PDA

View Full Version : petty problems with my neighbor: wwyd? (LONG!)



knaidel
01-17-2006, 05:25 PM
In light of some of the problems that others have posted about, I recognize that this is petty. However, I would like to get advice on how to handle it.
I have a good relationship with my neighbor directly downstairs from me- I live in a building. Last Sunday morning, I was following along on an exercise tape, and the phone rang. She said in a tired voice,"Is everything okay up there because I've been hearing banging all morning."
First off, I didn't like her wording. Why don't you just come out and say, "the banging is bothering me?" I don't like the false pretense of "is everything okay up there?" Second, "All morning" was an exaggeration. DS had been playing from about 7:30-8:30, and was napping from 9 am. I began exercising at about 9:40. I recognize that maybe I shouldn't have begun the tape until 10. However, they have a baby, so I assume most people with kids are up by then. But I should have waited. I stopped the tape and didn't finish.

Just now, I called and told her, "I am planning on exercising after Ds goes to sleep at about 5:30 or 6. I just want to check that that's okay with you." She tells me, "Well, I think it will be okay, but my DH is coming home then, so if it's a problem, I will call up."

Okay, now, this kinds of ticks me off. Who is her DH? I have to stop exercising if it the jumping bothers him? it's my opinion that apartment living comes with some nusiances. One of those nusiances is that your neighbors will make noise, and you might not like it. However, if the noise is at a reasonable hour, tough. By the way, they let their baby CIO all the time...wakes up my son with her high pitched screams a few times a week....but that's part of living in an apartment. I called to make sure that she wouldn't be putting her baby to sleep at that time (or some other situation like that).

I am not really sure how to handle this. I need to exercise, and can't always get to the gym. She is a nice person, and we have been friends since she moved in this past fall, and I would hate to lose a friend (albeit not so close) in the building over this. The ideal would be for me to exercise when she's gone to work (I telecommute), but it doesn't always match up with DS's nap schedule.
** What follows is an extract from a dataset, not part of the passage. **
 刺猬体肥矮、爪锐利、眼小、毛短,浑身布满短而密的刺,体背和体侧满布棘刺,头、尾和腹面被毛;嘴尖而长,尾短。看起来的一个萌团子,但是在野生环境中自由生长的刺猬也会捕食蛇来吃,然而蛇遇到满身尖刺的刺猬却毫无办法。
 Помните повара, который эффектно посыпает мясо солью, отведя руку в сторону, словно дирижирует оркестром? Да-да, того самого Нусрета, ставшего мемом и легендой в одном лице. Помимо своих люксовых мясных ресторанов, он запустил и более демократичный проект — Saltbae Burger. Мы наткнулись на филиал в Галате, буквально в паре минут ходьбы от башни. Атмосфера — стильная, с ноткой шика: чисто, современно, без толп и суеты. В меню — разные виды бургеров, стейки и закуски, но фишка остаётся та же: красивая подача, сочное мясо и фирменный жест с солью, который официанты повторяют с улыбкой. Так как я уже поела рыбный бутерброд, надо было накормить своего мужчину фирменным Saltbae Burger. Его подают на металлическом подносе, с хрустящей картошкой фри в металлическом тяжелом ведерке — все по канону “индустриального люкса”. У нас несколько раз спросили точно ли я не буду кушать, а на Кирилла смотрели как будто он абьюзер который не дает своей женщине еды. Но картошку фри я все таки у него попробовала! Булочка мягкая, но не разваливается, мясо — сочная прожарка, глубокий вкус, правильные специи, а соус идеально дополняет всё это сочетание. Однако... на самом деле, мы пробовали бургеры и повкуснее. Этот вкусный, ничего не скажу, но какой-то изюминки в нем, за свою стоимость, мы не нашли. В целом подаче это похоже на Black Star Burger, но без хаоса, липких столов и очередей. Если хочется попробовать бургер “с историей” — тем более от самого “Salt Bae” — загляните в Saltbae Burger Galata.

ETA: she works part time, a funny schedule- different hours each day, that's why it doesn't always work out.
Any ideas?

deenass
01-17-2006, 05:32 PM
Well, neither of my next door neighbors talk to me (another LONG post, but I digress)...

Anyway, I think it is perfectly reasonable for you to work out at 5:30, and at 9:30 am. Probably not so reasonable at 6 am or 11 pm. I also don't think you needed to call her to tell her you would be doing it, so the door is kind of open at this point for her to say, "look it bothers me." Do you have rugs or are you wroking out on bare floor? Maybe a rug would help the noise?

You are right, living in an apt does come with its drawbacks (namely noise from neighbors).

At this point, you may want to say "I'd like to talk to you about my working out. I would like to minimize the nusiance to you or your child when you are sleeping and am willing to be flexible with regard to your child's napping, but I do plan on working out between the hours of 9 - 7".

Maybe someone else has better advice.

kijip
01-17-2006, 05:37 PM
I would feel totally ok working out after 9AM and before 8PM or so. You are right, hearing your neighbors is the price of living in a building.

I had the exact issue at the place I moved in December. They had 2 loud/crying babies downstairs that I just did not let bother me but they complained if I so much as walked in the kitchen or moved a chair in the kitchen. They loved to complain. If you don't want to hear people above you, you don't move into an apartment.

bostonsmama
01-17-2006, 06:56 PM
I think the first poster had it right...don't loose the "frienship," but don't call her every time you want to exercise. People appreciate choices in life, but too many choices complicate things. I think it's perfectly reasonable to workout from 10am to 8pm. I'm not an early-riser though...so 9 seems slightly early to me (10am is about when I start accepting phone calls without being irritated, as I really value my quiet time in the mornings).

Hopefully, if you've lived over her this long without incident, she's probably just having a bad day or a random migrane where the incessant Eee-err, eee-err, eee-err was grating on her nerves. Who knows. FWIW, when I was at my DH's apartment before we married, I was so self-concious about the noise, I just stopped working out (I did step aerobics...probably even worse!), so don't let that happen. I say forgive and forget...and turn off your phone while you're sweating it up.


Larissa
***Cheers! Here's to better luck in 2006!***

"Children have never been very good at listening to their elders, but they have never failed to imitate them."
-James Baldwin

pritchettzoo
01-17-2006, 07:42 PM
Belated holiday gift of a white noise machine? I'd be tempted to call her the next time her baby is screeching and say, "Is everything okay down there? The baby has been crying forever and I was worried something happened to you."

Definitely do not call her to ask permission to exercise during reasonable hours. As long as you're not pogo-sticking around the apartment, I think exercise is one of those noises of life she just needs to get used to. Do it when it fits into your schedule! She should have gotten an apt on the top floor if she's that sensitive to noise.